Сидим на каком-то бревне, невозможном бы в Германской империи, – совсем пресненском! – друг с другом и без зверей, и вдруг, как в прорвавшуюся плотину – повесть о молодом Блоке, его молодой жене и о молодом нем-самом. Лихорадочная повесть, сложнейшая бесфабульная повесть сердца, восстановить которую совершенно не могу и оставшаяся в моих ушах и жилах каким-то малярийным хинным звоном, с обрывочными видениями какой-то ржи – каких-то кос – чьего-то шелкового пояса – ранний Блок у него вставал добрым молодцем из некрасовской «Коробушки», иконописным ямщиком с лукутинской табакерки, – чем-то сплошь-цветным, совсем без белого, и – сцена меняется – Петербург, метель, синий плащ… вступление в игру юного гения, демона, союз трех, смущенный союз двух, неосуществившийся союз новых двух – отъезды – приезды – точное чувство, что отъездов в этой встрече было больше, чем приездов, может быть, оттого, что приезды были короткие, а отъезды – такие длинные, начинавшиеся с самой секунды приезда и все оттягиваемые, откладываемые до мгновения внезапного бегства… Узел стягивается, все в петле, не развязать, не разрубить. И последнее, отчетливо мною помнимое слово:
– Я очень плохо с ней встретился в последний раз. В ней ничего от прежней не осталось. Ничего. Пустота.
Тут же я впервые узнала о сыне Любови Димитриевны, ее собственном, не блоковском, не беловском – Митьке, о котором так пекся Блок: «Как мы Митьку будем воспитывать?» – и которого так сердечно оплакивал в стихах, кончающихся обращением к Богу:
Нет, над младенцем, над блаженнымСтоять я буду без тебя!
Строки, которых я никогда не читаю без однозвучащих во мне строк пушкинской эпитафии первенцу Марии Раевской:
С улыбкой он глядит в изгнание земное,Благословляет мать и молит за отца.
Помню еще одно: что слово «любовь» в этой сложнейшей любовной повести не было названо ни разу, – только подразумевалось, каждый раз благополучно миновалось, в последнюю секунду заменялось – ближайшим и отдаляющим, так что я несколько раз в течение рассказа ловила себя на мысли: «Что ж это было?» – именно на мысли, ибо чувством знала: то. Убеждена, что так же обходилось, миновалось, заменялось, не называлось оно героями и в жизни. Такова была эпоха. Таковы были тогда души. Лучшие из душ. Символизм меньше всего литературное течение.

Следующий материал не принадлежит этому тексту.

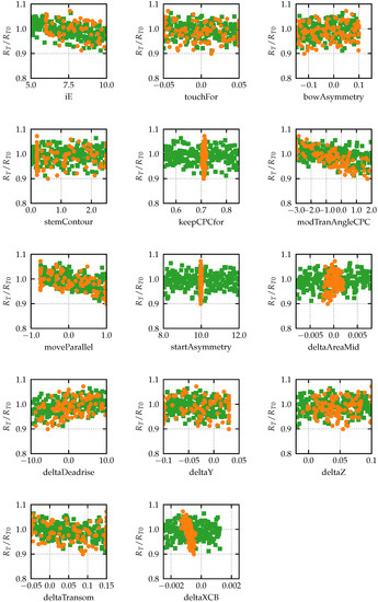 Figure 5. It shows that performance is correlated but that variants do not always yield improvements at both drafts. Both DoEs clearly indicate that a thorough optimisation for calm-water hydrodynamics would have to be multi-objective, including (at least) two speeds, possibly two drafts and the influence of the propulsion system. If a design team has to consider all these aspects, further complemented by non-hydrodynamic aspects, it becomes all the more clear that the number of variants to be investigated needs to be as small as possible when running expensive simulations.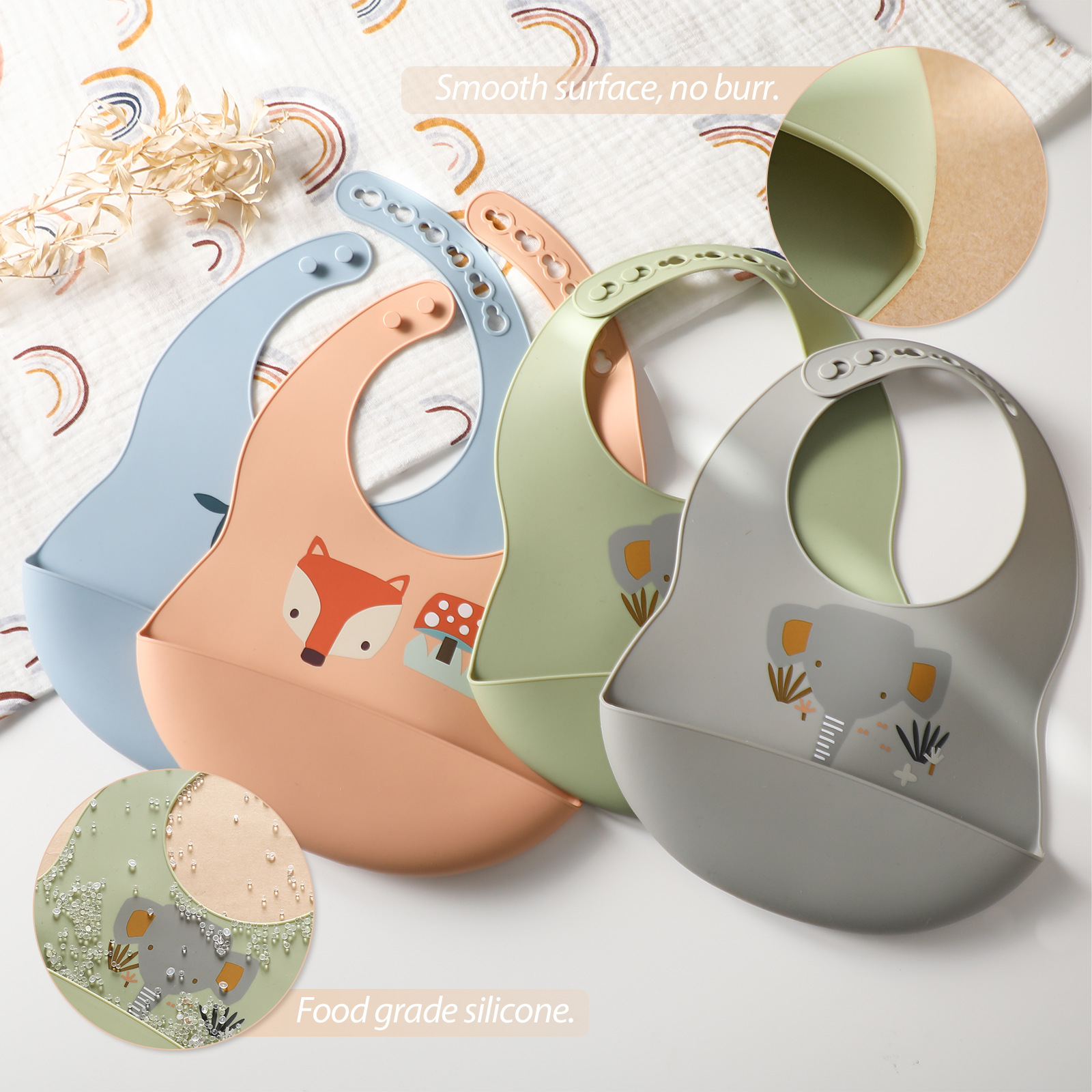 新款宝宝吃饭围兜防水超软轻薄儿童辅食饭兜口水兜食品级硅胶围嘴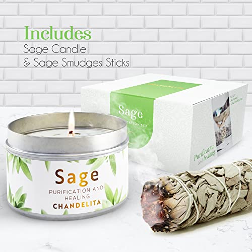 Deze geurkaars van sojawas met natuurlijke etherische olie helpt bij het verbranden van slechte energieën en bevordert meditatie en ontspanning. Met een brandduur van 33 uur en inclusief verse saliebundel voor een authentieke ervaring.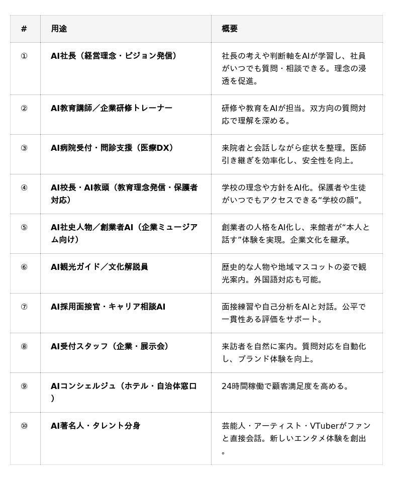 近年、AIキャラクター・デジタルヒューマンの技術進歩とともに、「AI社長」などに代表されるように企業・教育・接客領域での導入が加速しています。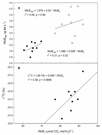 Relationship between intrinsic water use efficiency (WUEi) and (A) whole plant water use efficiency (WUEWP) and (B) carbon isotope ratio (δ13C) measured on 9 “Grenache” genotypes in 2020 (black dots) and 2021 (white dots).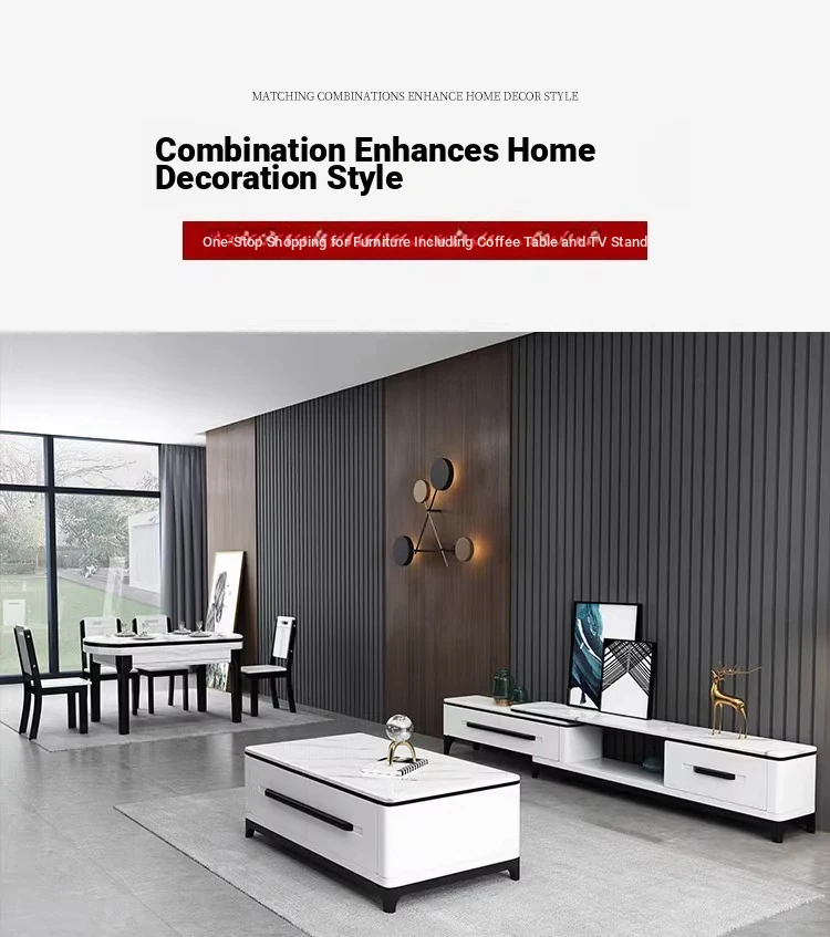 [Import] 59.06 ins 1 table 6 chairs + tea table TV cabinet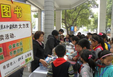 周火生老人在江苏千灯中心小学校举办了一场捐助大别山希望小学图书义卖活动,科普类的、侦探类、漫画类的……品种丰富的图书摆出来,一下子吸引了许多学生。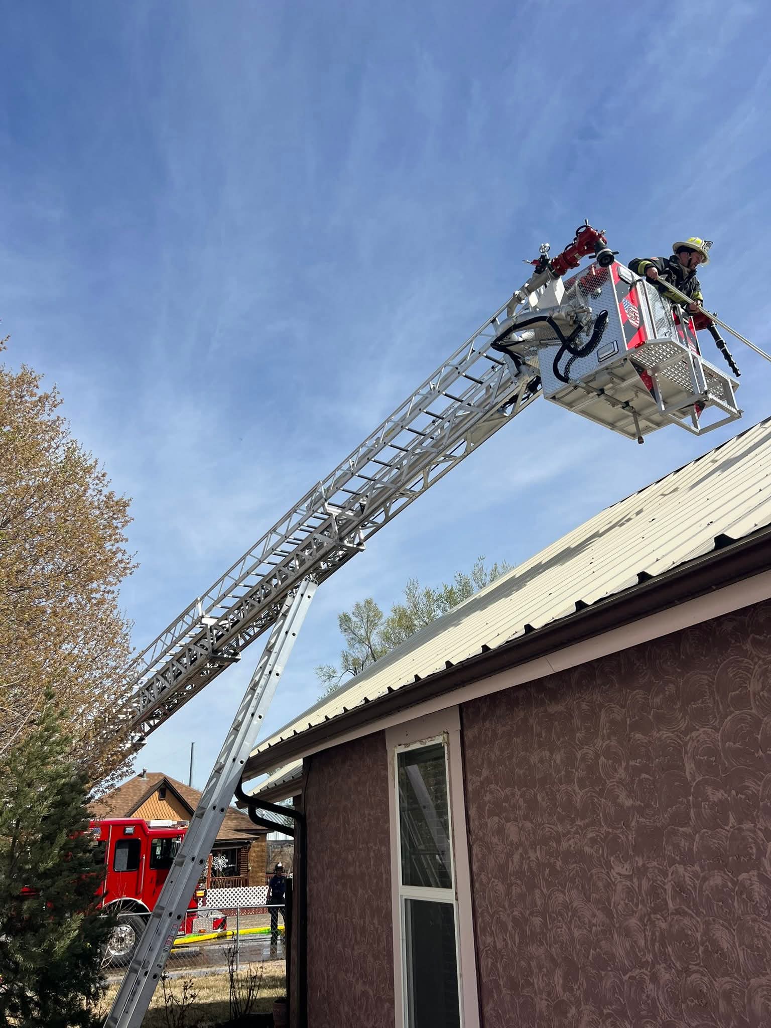 The ladder truck was deployed to help gain access to the peak of the roof since it was metal roofing.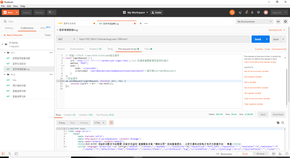 4.在Pre-request Script中添加预登录信息,以便在调用接口前先登录账号。这样一来,调用接口会返回正确的值了。

И – еще одно. Если нынешние не говорят «люблю», то от страха, во-первых – себя связать, во-вторых – передать: снизить себе цену. Из чистейшего себялюбия. Те – мы – не говорили «люблю» из мистического страха, назвав, убить любовь, и еще от глубокой уверенности, что есть нечто высшее любви, от страха это высшее – снизить, сказав «люблю» – недодать.
Оттого нас так мало и любили.
Тогда же, в Zoo, я узнала, что «Синий плащ», всей Россией до тоски любимый…
Я звал тебя, но ты не оглянулась,Я слезы лил, но ты не снизошла,Ты в синий плащ печально завернулась,В сырую ночь ты из дому ушла… –
синий плащ Любови Димитриевны. «О, он всю жизнь о ней заботился, как о больной, ее комната всегда была готова, она всегда могла вернуться… отдохнуть… но то было разбито, жизни шли врозь и никогда больше не сошлись».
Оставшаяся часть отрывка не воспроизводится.